Google vs. China's Censors
Google launched its China operation in January 2006 with high hopes. The democratizing benefits of increased Web access for the Chinese people, the Internet giant hoped, would outweigh the Chinese Communist Party's ferocious censorship and e-mail spying.
Google also hoped to make shiploads of money. Lawmakers and human rights activists criticized the company's willingness to abandon its informal "Don't Be Evil" motto of social responsibility for the sake of short-term wealth. Still, cofounder Sergey Brin and other company officials maintained that even a censored version of the company's search engine was better than none at all.
But that was then. Google has startled the planet by threatening to walk away from the world's fastest growing economy. Last week the company threatened to shut down its China-based site over censorship and e-mail hacking. The attacks were made against Google, the company said, and at least 20 other large companies that included "the Internet, finance, technology, media and chemical sectors."
Could this be the end of Google in China? Not quite. Although Google announced on Jan. 12, "We have decided we are no longer willing to continue censoring our results," two days later company spokesman Scott Rubin sang a different tune. Google's business in China would continue unchanged, he said, pending talks with the government to see if the company can legally operate without filters.
You can tell a lot about a regime's paranoid anxieties from what it censors and how much. Media censorship in China centers mainly on what one of my American journalism colleagues during a recent visit to Shanghai called "the four T's: Tibet, Taiwan, torture and Tiananmen," as in the historic 1989 Tiananmen Square uprising that the government violently put down.
A Chinese colleague politely corrected him. "I think Taiwan is becoming OK now," he said. But who knows? Even the officials and bureaucrats who enforce the rules have a hard time keeping up, which only adds to the regime's power. They don't need to censor you on every little thing if they can intimidate you into censoring yourself.
Will Google's line in the sand blow away in the breeze? Significantly, its announcement expressed less alarm over censorship than over cyber attacks that "resulted in the theft of intellectual property." That's worth pulling out of China if the most likely suspect, China's government, is behind it.
"Intellectual property" includes the innovative knowledge and ideas that put a company ahead of its competitors. It also includes the defense industry that puts a nation ahead of other nations.
That may be the real story behind Google's pushback against the Chinese government. It follows a series of aggressive moves by China's government that espionage and foreign policy experts say could be the opening rounds in an escalating 21st-century cyber-war.
A report to Congress two months ago by the U.S.-China Economic and Security Review Commission cited a "marked increase" in "malicious" cyber intrusions originating in China and targeting U.S. government and defense-related computer systems. Unable in their repressive political environment to incubate and innovate enough new private-sector ideas of their own, experts say, China steals ours.
Google's leverage in its dispute with China's government may be its own popularity. Even though it runs a distant second in popularity to China's home-grown Baidu search engine, recent news photos of fans laying flowers at Google's Beijing headquarters visibly symbolize millions of users who want more choices and more information access, not less. The Communist regime does not allow free elections, but experts say it pays no less attention to public opinion polls than the free world's politicians do.

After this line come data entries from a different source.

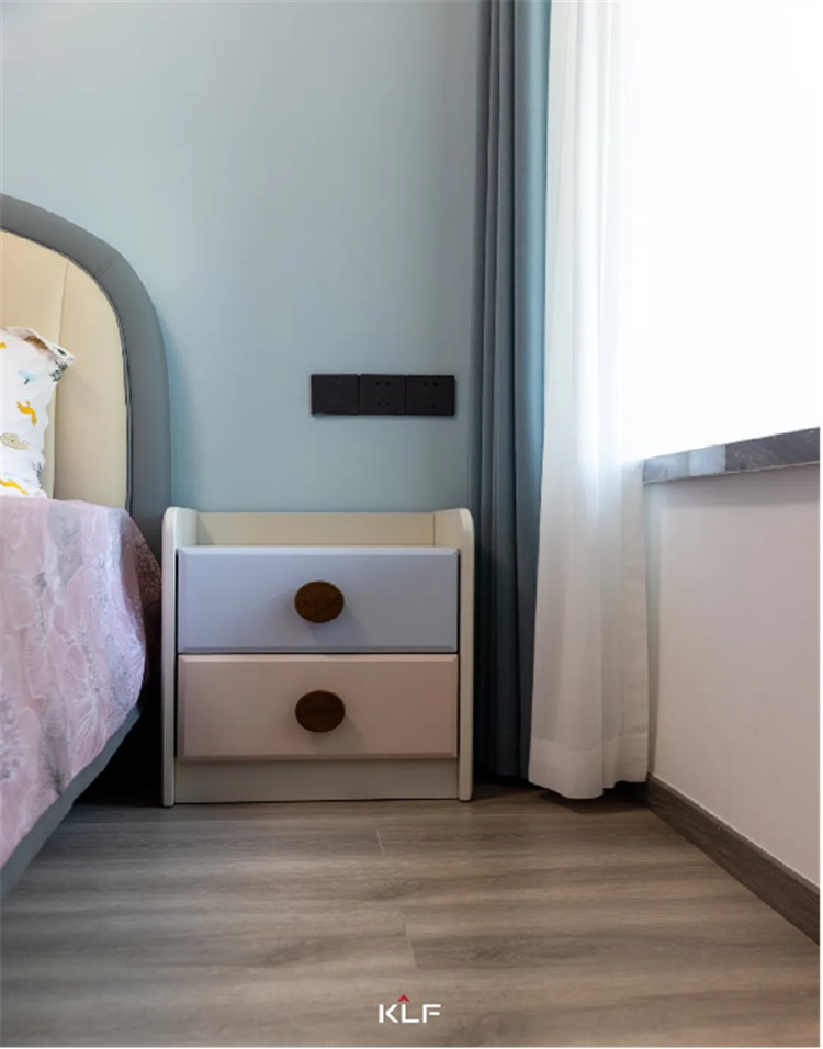 在色彩上,蘭迪粉柔和可愛(ài),芬藍(lán)色清新淡雅,搭配布魯灰門(mén)板十分協(xié)調(diào)美觀。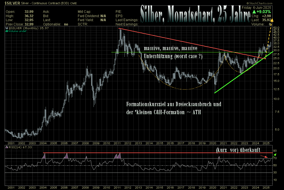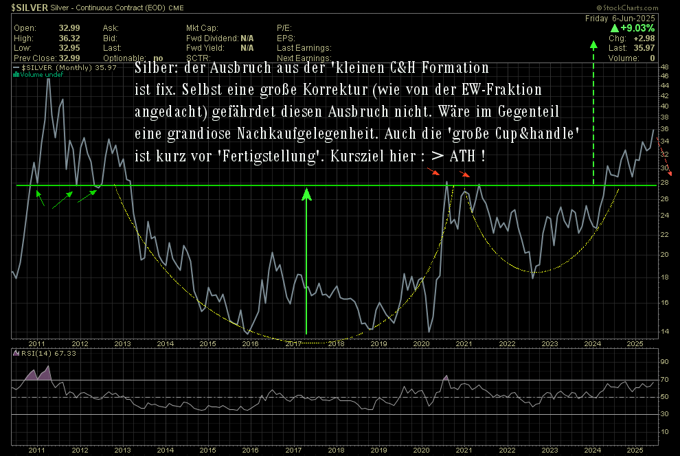 Allerdings mache ich trotzdem erst in Gold und vor allem Silber. Die Geschichte trotz der hohen Stände ist noch nicht zu Ende. Da kommt noch was, und das in diesem Jahr.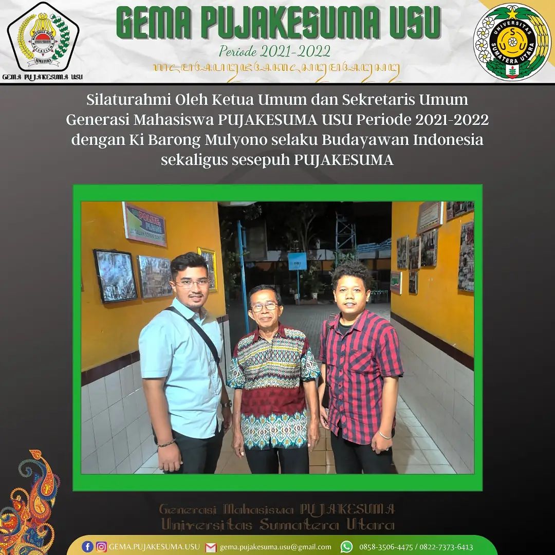 Dalam rangka menguatkan tali kekeluargaan antara Gema Pujakesuma dengan PKB Pujakesuma, Ketua umum (@an_arafahan ) dan Sekretaris Umum (@hamas.maulana1 ) Gema Pujakesuma USU bersilaturahmi dengan Pakde Ki Barong Mulyono.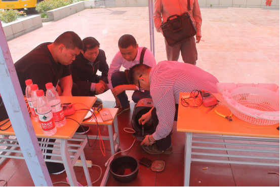 早上,志愿者们在社区工作人员的帮助下搬运工具,摆放桌椅,连接电源,不久便吸引了居民们纷纷带着电饭煲、小风扇、电磁炉等废旧家用电器前来维修电气技术学院的师生们仔细检查并询问家电的损坏情况,一丝不苟地诊断每一件电器所存在的问题专心致志地修理每一部电器,利用自身所学知识竭尽所能为前来的社区居民解决电器故障,对家电进行“手术”抢救。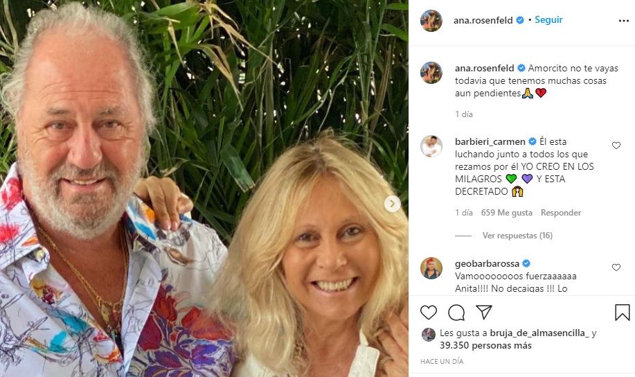 El domingo, Rosenfeld compartió otro desgarrador mensaje pidiendo por la recuperación de su pareja: "Amorcito no te vayas todavía que tenemos muchas cosas aun pendientes".
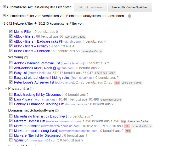 BTW: Raymond Hill aka gorhill, der Entwickler von uBlock origin ist nun auf Mozillazine vertreten... wer des Englischen mächtig ist, kann dort möglicherweise direkte Unterstützung vom Entwickler erfahren...
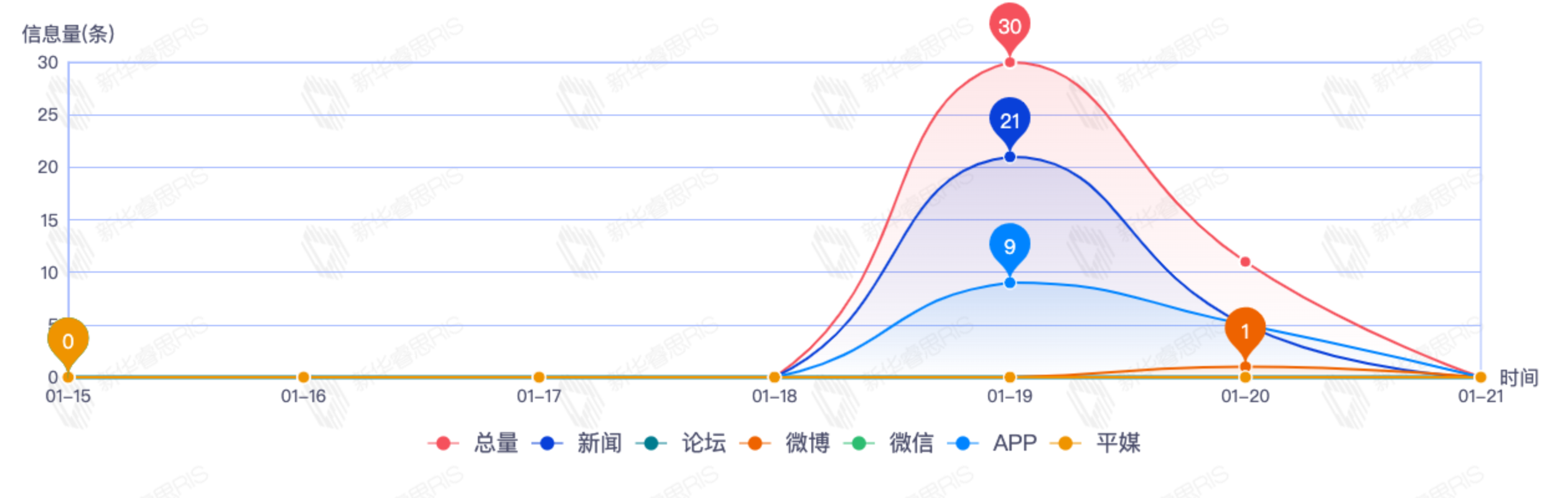 截至目前,该文章在互联网上传播总量共41篇。其中,1月19日是传播的高峰期,共传播30篇文章。各信源的信息发布情况中,其中新闻信息占比最大,其次是APP和微博,信息量分别为17、14、1,占比分别为53.13%、43.75%、3.13%。(数据来源:新华睿思·数媒智慧分析平台)
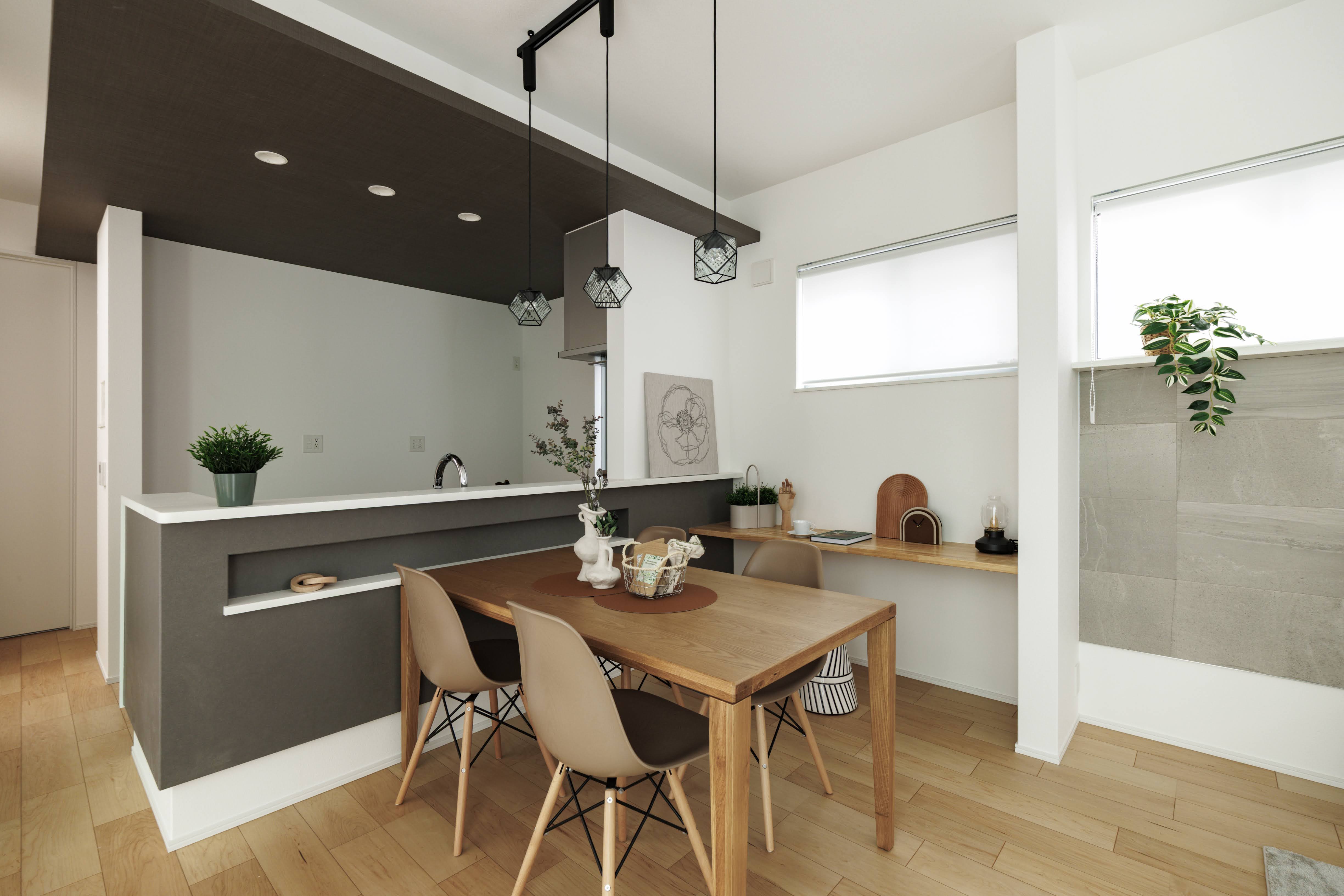 木製のテーブルと異素材チェアの組み合わせは、色味を合わせることでカジュアルになりすぎず、落ち着いた空間に。ステンドデザインのペンダントライトで空間にアクセントを。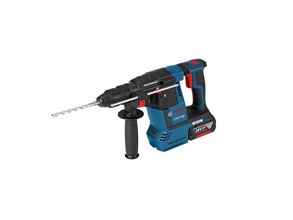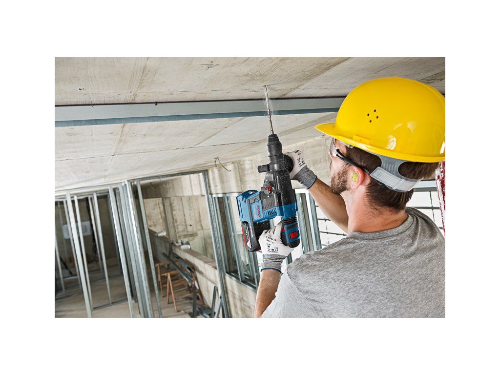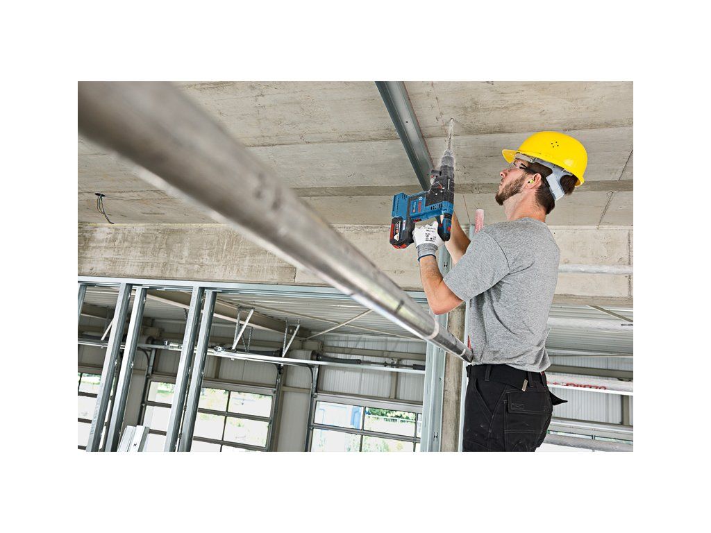 Akumulátorové vrtací kladivo s SDS plus GBH 18V-26F, Toto nářadí s rychlovýměnným sklíčidlem je univerzální silák v kategorii akumulátorových vrtacích kladiv Bosch SDS plus a dokonale se hodí pro každodenní používání. Volitelná jednotka pro odsávání prachu GDE 18V-16 Professional je integrována do kladiva, a představuje tak samostatné řešení prachu HEPA pro maximální mobilitu. Vrtací kladivo se rovněž pyšní funkcemi KickBack Control a Electronic Precision Control (EPC) pro lepší ovládání nářadí a zvýšenou ochranu uživatele. Výkonný motor zajišťuje 2,6 J příklepové energie, která zaručuje vysokou rychlost úběru materiálu. Toto nářadí je určeno na vrtání a sekání do betonu, zdiva, dřeva a kovu. Je kompatibilní s různými nástavci na odsávání prachu i se všemi akumulátory a nabíječkami Bosch Professional 18 V (profesionální 18V systém). Kompatibilní také s AMPShare, aliancí akumulátorů více značek. Toto nářadí také obsahuje různé další funkce, jako je Constant Speed, bezuhlíkový motor, Electronic Motor Protection (EMP), LED světlo, Rotation Control Clutch, Variable Speed, Vario Lock a Vibration Control. Přídavná rukojeť ( 2 602 025 141); Kartonová krabice; Hloubkový doraz 210 mm (1 613 001 010); Utěrka na nářadí; Rychlovýměnné sklíčidlo 13 mm (2 608 572 212); Výměnné sklíčidlo SDS plus (2 608 572 213)Doplňkové parametry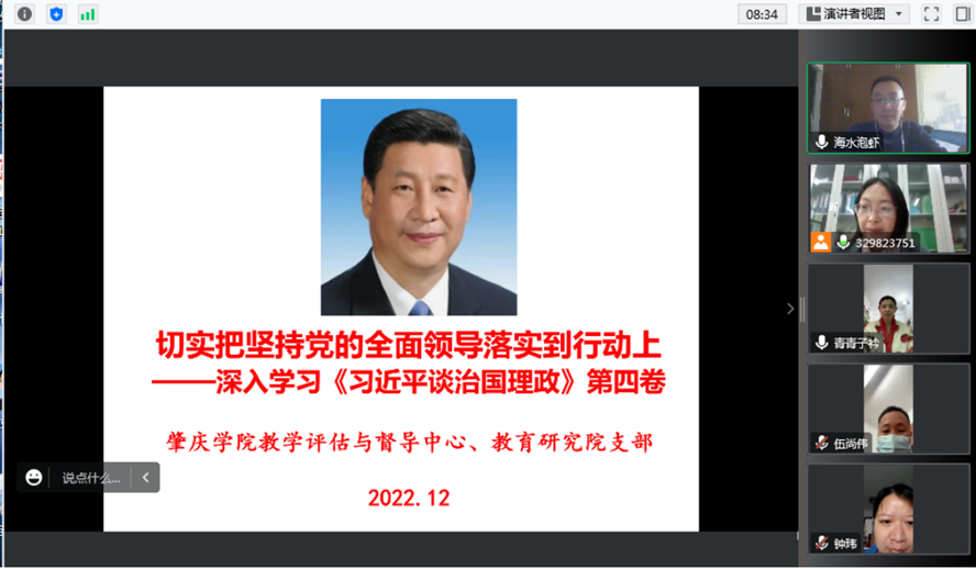 本网讯 为深入学习《习近平谈治国理政》(第四卷),进一步增强学习贯彻的思想自觉、政治自觉、行动自觉,准确把握党的新理念、新思想,评估中心、发展研究院党支部近日在线上组织开展党课,党课由党支部书记、评估中心主任李佩环主讲。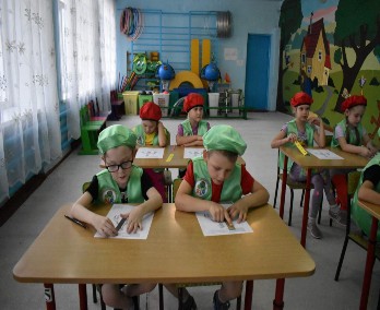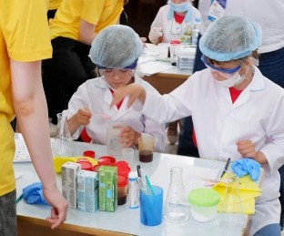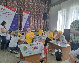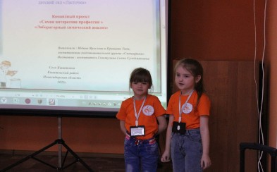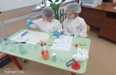 Нужно было научиться разбираться во многих вещах! Участники в спецодежде: халат, очки, перчатки. И хотя нашим «химикам» всего по шесть-семь лет, требования к выполнению заданий весьма серьёзные. Ведь нужно определить содержание витамина С в соках! Всё по-взрослому.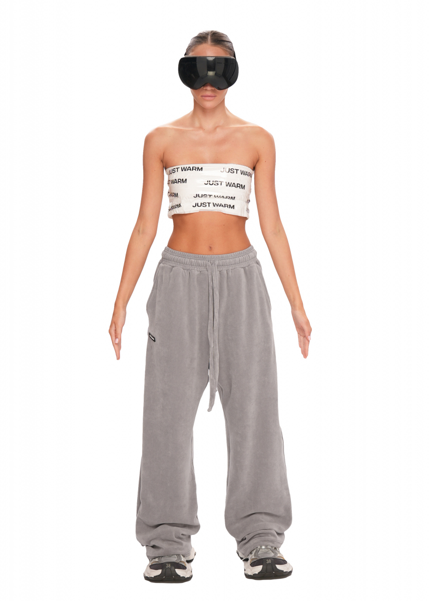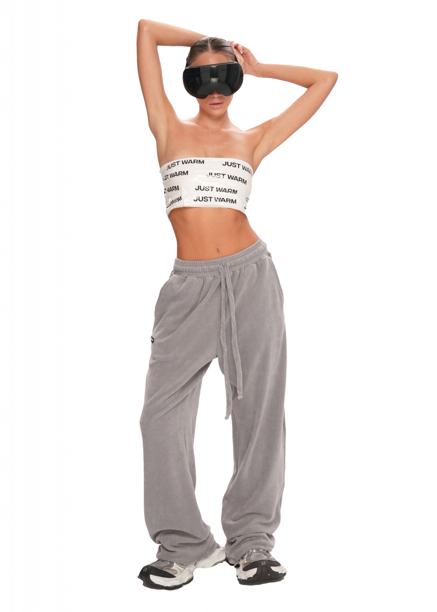 ДЖОГГЕРЫ PEACH Обновленные джоггеры PEACH выполнены из велюра, который приятно ощущается на теле. Изделие широкого кроя с карманами и резинкой с вшитым шнурком на талии. Внизу на джоггерах расположен фиксатор, что позволяют регулировать длину под нужный рост.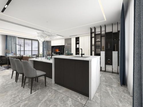 开放式厨房与餐厅兼用,瞬间增加了视觉上的空间感。没有多余的隔断,让厨房这个本来就充满烟火气息的地方,变得更加温情;更利于交流,可以边煮饭边和家人聊天,家庭聚餐时操作台可变身为餐桌使用,同时可容纳14人就餐。餐桌及操作台下设置收纳柜,满足餐边柜的收纳功能,使整个空间更大气整洁。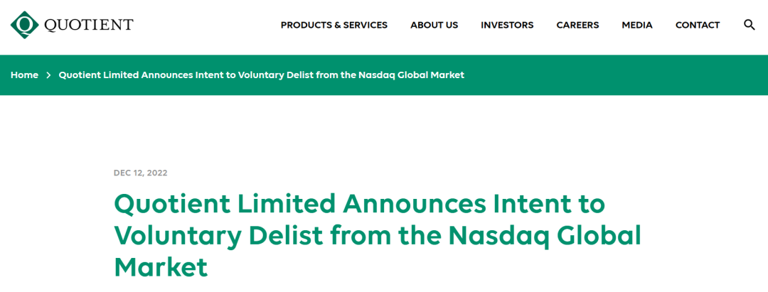 纽约 - Quotient Limited周一表示,将于12月27日或前后从纳斯达克全球市场申请将其股票退市。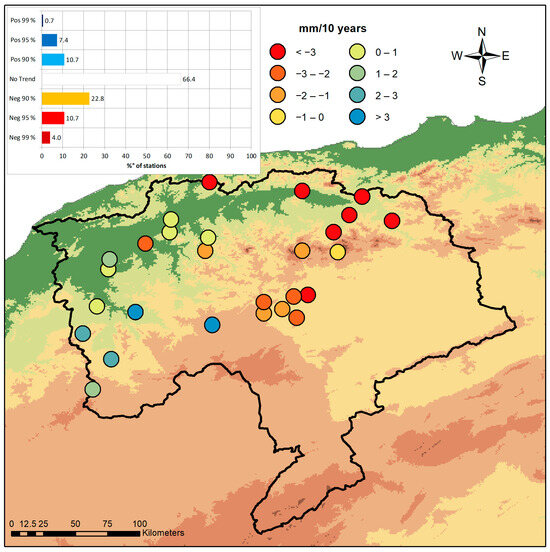 This study revealed diverse changes in the annual maximum daily precipitation in the analyzed area. Predominantly decreasing trends were identified, encompassing 22.8% of the data series at a significance level of 90%, 10.7% at 95%, and 4.0% at 99%. These results are confirmed by Bouklikha et al. [25], who identified monthly precipitation trends in north-western Algeria and by Kessabi et al. [26], who demonstrated a decrease of −20% to −40% in total annual precipitation in northern Morocco. The negative precipitation trends in north-western Algeria are associated with an increased risk of drought [27].

"I think Google probably should negotiate with the Chinese," Cheng Li, a senior fellow on foreign policy at the Brookings Institution, told me in a Washington interview. "The fight for public opinion is going on. Who will be the winner is really unclear. So the government must be very careful. If they do too much (against Google), the backlash against them could be overwhelming."
Welcome to the new century. It is a time when global warfare is fought silently over the Internet, companies compete with national governments for the hearts and minds of the people and it is often simpler to know what avoids evil than to know what's going to do the most good.